4.1. FLAIR: FLEXIBLE LISTWISE ACTION RETRIEVAL

We propose FLAIR, a listwise RL framework for learning to retrieve action samples for RL with complex action space. Listwise RL supports directed exploration during initial training by enabling the selection Q-function to maximize the environment return better. Further, it allows the actor to be more robust to complex action spaces by having more flexibility in the actions it can sample. Together, by learning to sample a list of actions, our method can enable more sample efficient RL in discrete and continuous complex action spaces.

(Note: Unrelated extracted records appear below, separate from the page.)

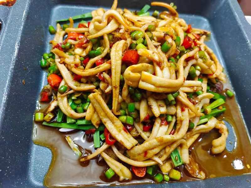 五道制作精美、造型亮眼的“湘凉”,率先展示了湘厨们对于食材搭配以及烹饪、调味技巧的精准把控。脆爽萝卜、酱椒生抽拌贝边所呈现的酸辣味型,能够在餐前起到开胃、唤醒味蕾的作用;而火辣皮蛋、发财凤爪、劲霸小海鲜捞,则用最经典的食材,辅以剁椒、劲霸捞拌汁、老谭酱油,调出更纯粹的湘式口味。这些凉菜不仅在口味上保持着湖南特色,在造型上也十分讲究,体现着湘厨们与时俱进的审美和创新意识。湘鄂源鱿鱼丝、映湘红窖坛酱椒鱼头王、聪厨小炒黄牛肉、许大师扣肉王、聪厨柴火烟笋、湘味源鱼块、湘榀缘湘西腊肉等十余道热菜则将湖南蒸、炒、煮、拌等丰富多样的烹饪方式充分表现出来。
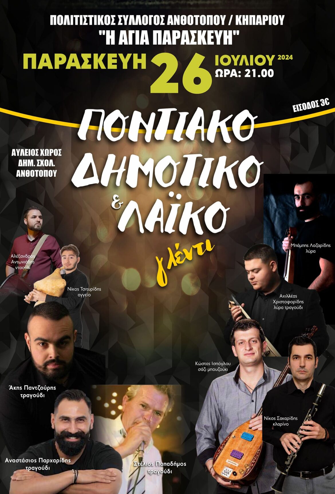 Ποντιακό, Δημοτικό και Λαϊκό γλέντι στον Ανθότοπο-Κηπάρι 26 Ιουλίου
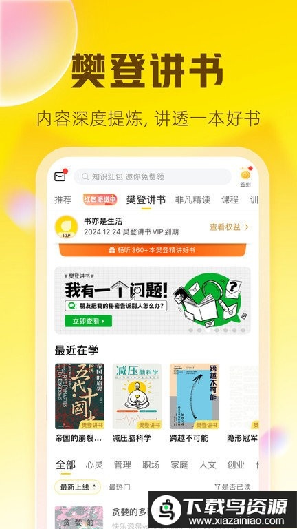 樊登本人每周讲解一本好书,用通俗易懂的方式提炼书中要义,为工作、生活与学习带来切实的启发与帮助。
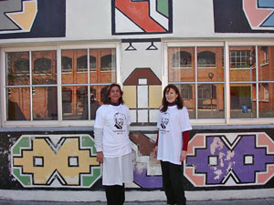 The headmistress, Mrs Beatriz Vernengo and Ms Tarrab in front of a wall decorated with Ndebele designs
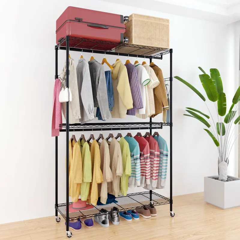 KRabfWJTCZHere you can buy Heavy Duty Rolling Garment Rack Portable Closet System Double Rod Clothes Storage Rack Freestanding Closet Organizer Unit with A with free delivery to your post office.
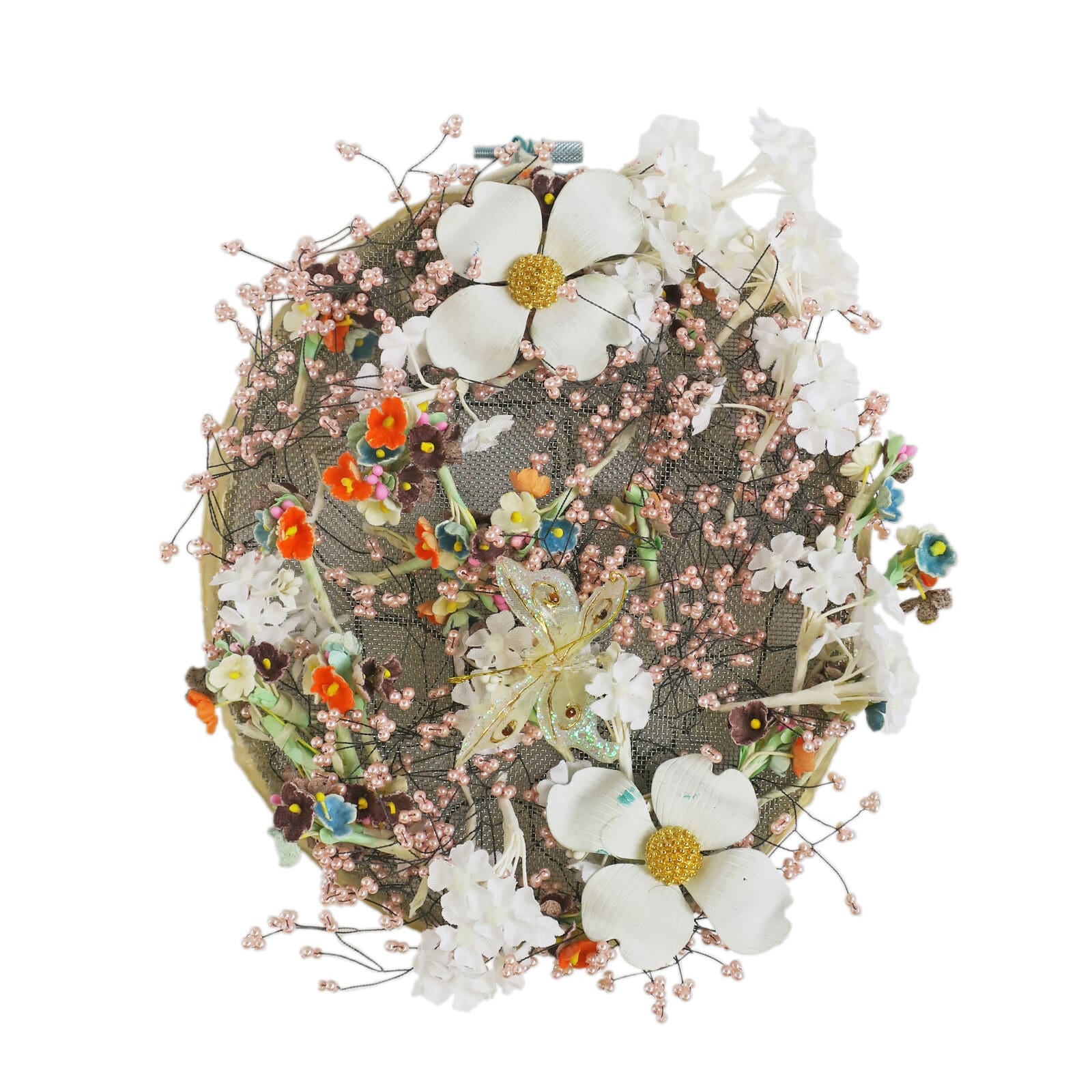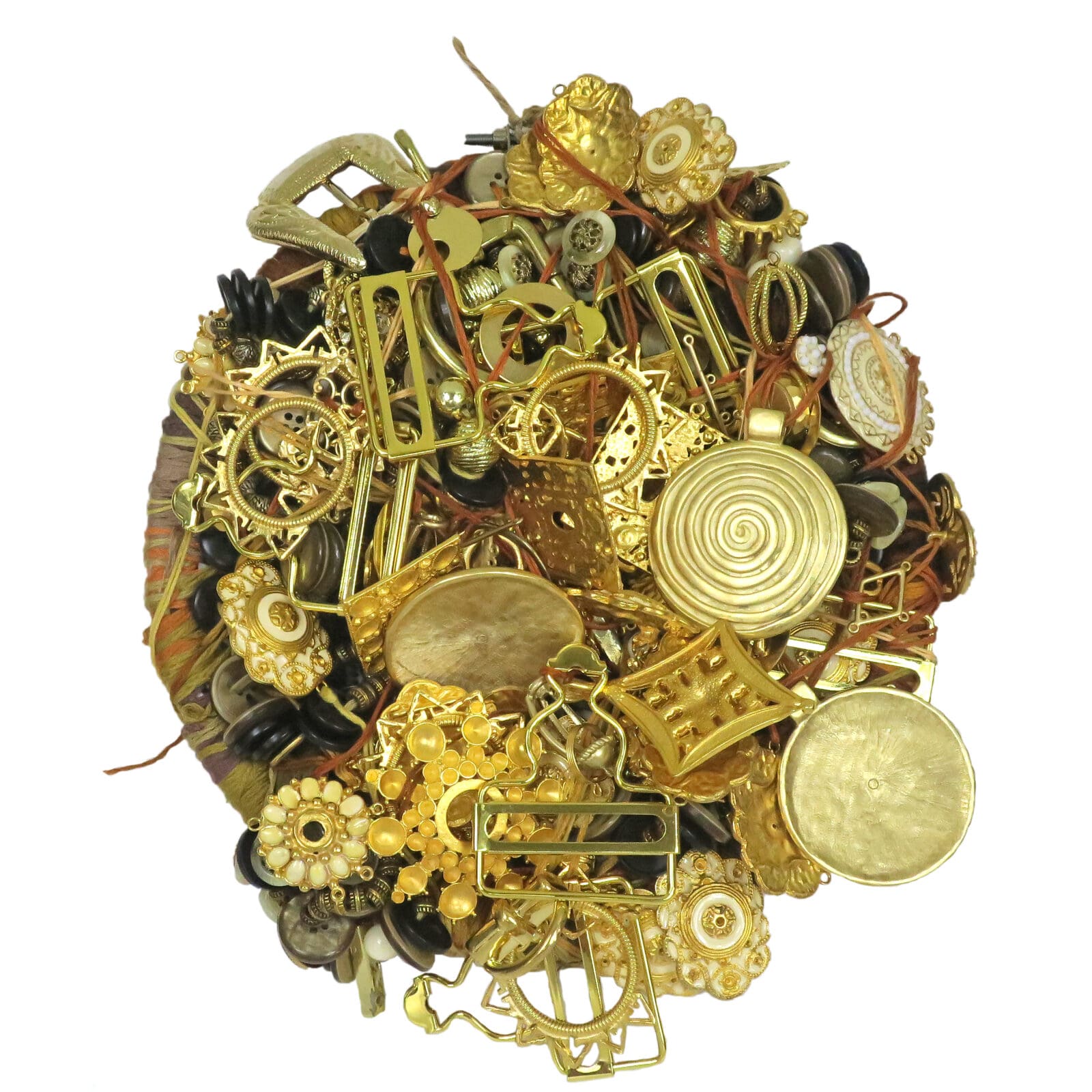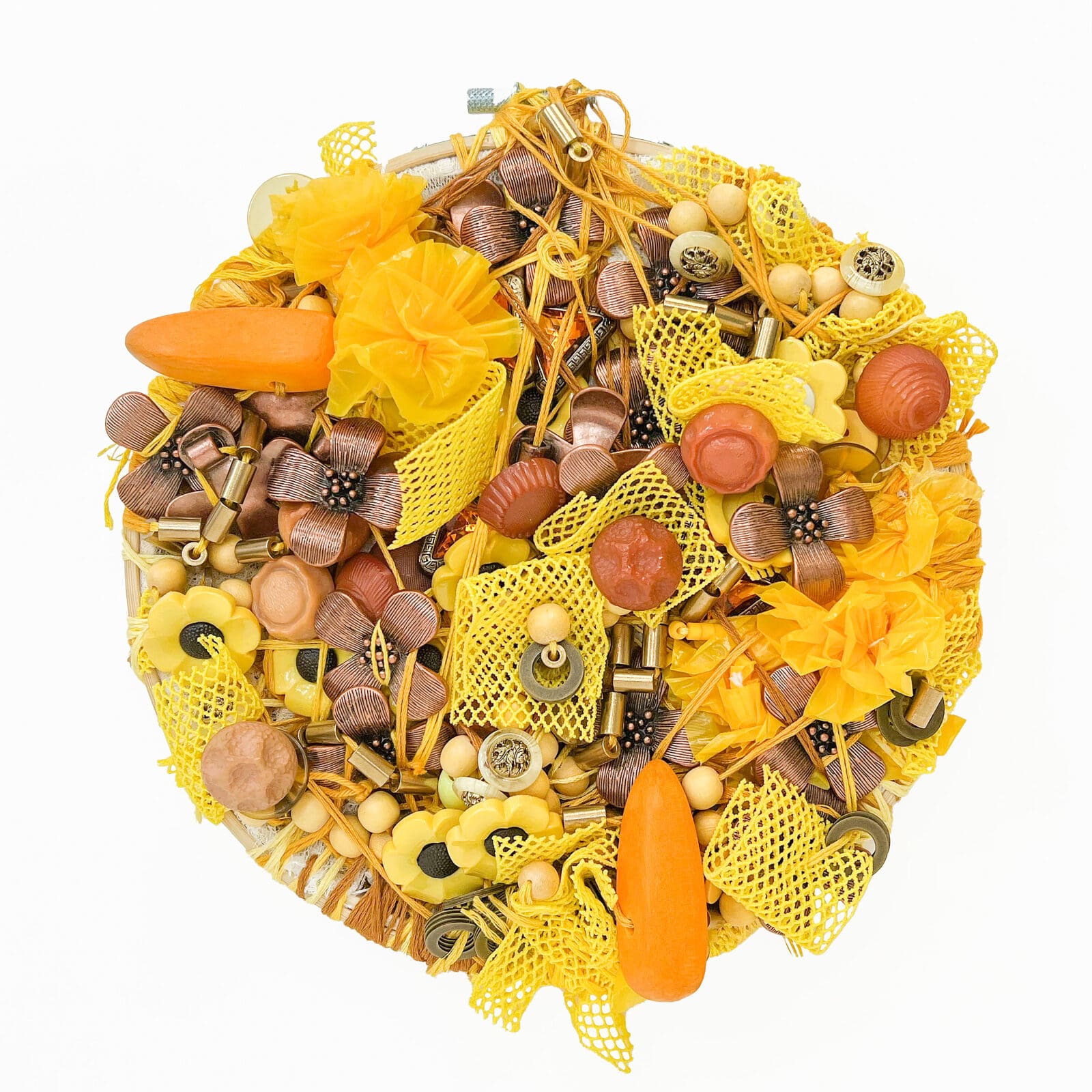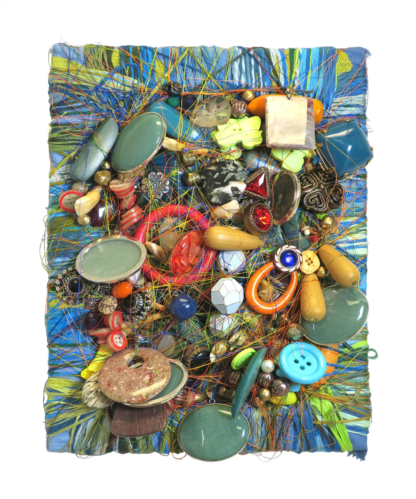 Most recently, she has focused on the creation of textile projects consisting of embroidered found objects, fabrics, and beads that she selects by size, shape, and texture. In addition to that, she creates sculptures by stringing donated beads and buttons into wires and pipe cleaners that are malleable and organic in shape.

4.2. CASCADED ACTOR-CRITICS FOR CONTINUOUS LISTWISE RL

We require a continuous listwise RL agent to sample a list of action representations from the action space. Listwise RL itself is a combinatorially complex problem because there can be a large number of lists that can result from various action combinations. In conjunction with the innumerable action space, this makes listwise RL challenging. To tackle this problem in discrete action spaces, (Chen et al., 2019c) proposed Cascaded DQN where k cascaded Q-networks learn to incrementally build a list of k candidate actions. In this work, we extend the idea of cascaded networks to continuous action space listwise RL (Fig. 2 ). We propose to use cascaded actor-critics that learn to output a constant action for each list index. Each actor-critic pair is tasked to learn to retrieve an action sample complementary to the currently built-up list input to maximize the environment reward. Policy Architecture: We choose Deep Deterministic Policy Gradients (DDPG) (Lillicrap et al., 2015) as our base continuous action space algorithm, but any continuous action space approach can be extended to cascaded architectures. Specifically, the i th critic Q-function is trained to maximize the environment reward while being conditioned on the list built upto (i -1) th index. Subsequently, the i actor is trained to output an action that maximizes the i th critic, while conditioned on the current list. The actor is trained by backpropagating gradients through the action to the critic, as in DDPG. All actors and critics share a list encoder that is flexible to the size of actions. For our experiments, we use Deep Set (Zaheer et al., 2017) as the choice of list encoder. More details on the policy architecture and implementation are present in Appendix B.

5. ENVIRONMENTS

We evaluate ARDDPG on the following three complex action space scenarios where the agent learns to act in the following task that each of which is equipped with the complex action space; (1) Tools reflecting the breakable object in a 2D Grid World to shorten the optimal path to the goal, (2) Items reflecting the characteristic of items to recommend items relevant to user, and (3) Actions reflecting the rotation of joints of a robot to perform task. Figure 3 provides an overview of the tasks, the action space construction, and an illustration of the expected behavior. More environment details such as tasks, action representations, and data collection are present in Appendix A.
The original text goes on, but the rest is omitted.